◆ To do ◆
Could you retype the whole listing word for word and drop the images?

◆ Exercise inputs ◆

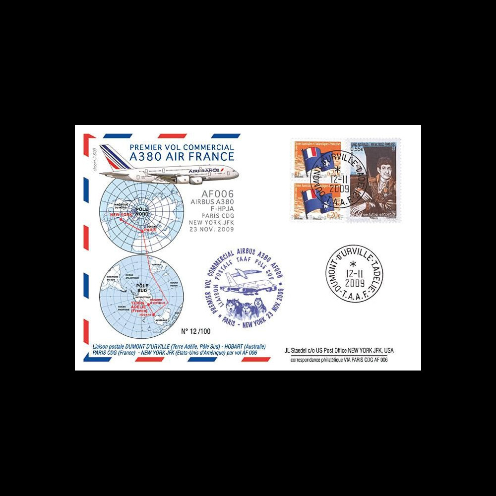 No. A380-90T4 : FDC TAAF traveled A380 F-HPJA '1st Commercial Flight AF006 Paris CDG - New York JFK 23.11.09'
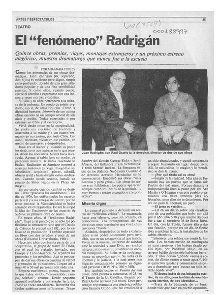 El "fenómeno" Radrigán [artículo] Ana María Foxley.
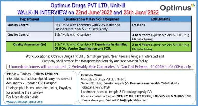 Venue: Optimus Drugs Pvt. Ltd,Bommalaramaram, yadadri, T.S
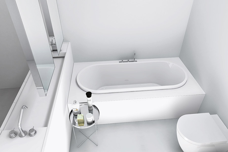 A clean-cut stylish shape characterizes the Street bathtub, consisting in a sit-on oval base integrated in an outer structure of expanded polystyrene (EPS). The edge of the bathtub protrudes from the bathtub top by about 35 mm along the entire perimeter.
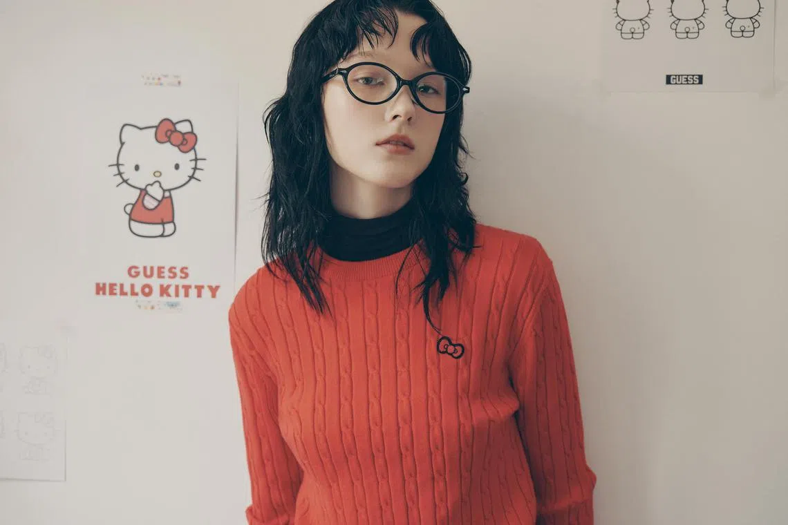 Guess x Hello Kitty limited-edition sweater with Hello Kitty’s iconic ribbon details.
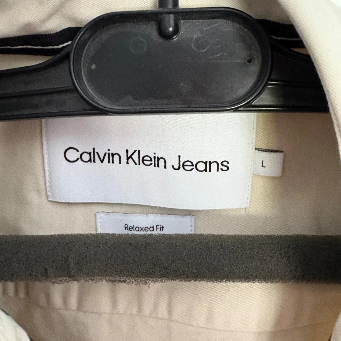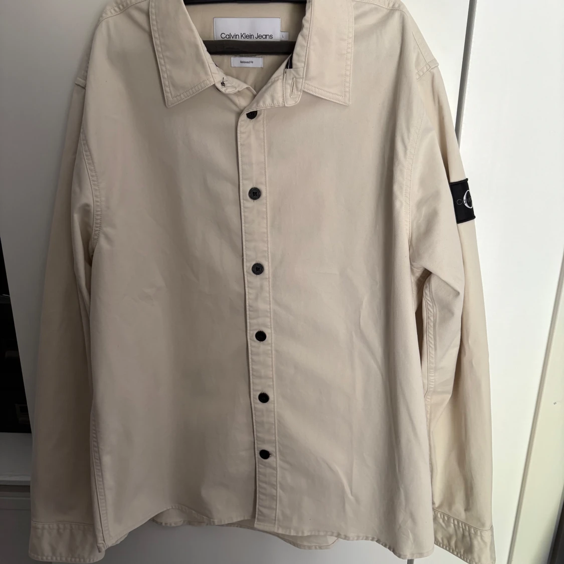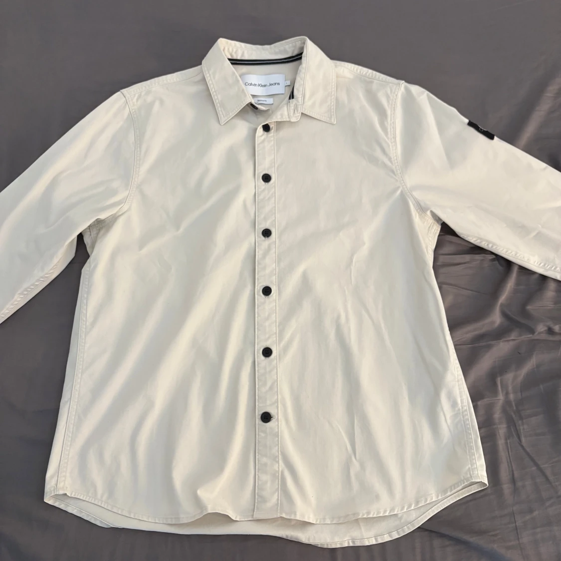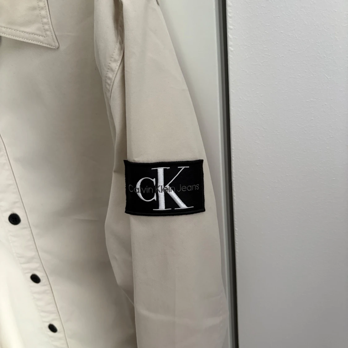 Snygg beige overshirt från Calvin Klein Jeans i bomull med svart CK-logga på ärmen. Rak passform med svarta knappar framtill och klassisk krage. Perfekt för dig som gillar stilrena och enkla plagg med en modern touch.

◆ Output of the exercise ◆
 No. A380-90T4 : FDC TAAF traveled A380 F-HPJA '1st Commercial Flight AF006 Paris CDG - New York JFK 23.11.09'
 El "fenómeno" Radrigán [artículo] Ana María Foxley.
 Venue: Optimus Drugs Pvt. Ltd,Bommalaramaram, yadadri, T.S
 A clean-cut stylish shape characterizes the Street bathtub, consisting in a sit-on oval base integrated in an outer structure of expanded polystyrene (EPS). The edge of the bathtub protrudes from the bathtub top by about 35 mm along the entire perimeter.
 Guess x Hello Kitty limited-edition sweater with Hello Kitty’s iconic ribbon details.
 Snygg beige overshirt från Calvin Klein Jeans i bomull med svart CK-logga på ärmen. Rak passform med svarta knappar framtill och klassisk krage. Perfekt för dig som gillar stilrena och enkla plagg med en modern touch.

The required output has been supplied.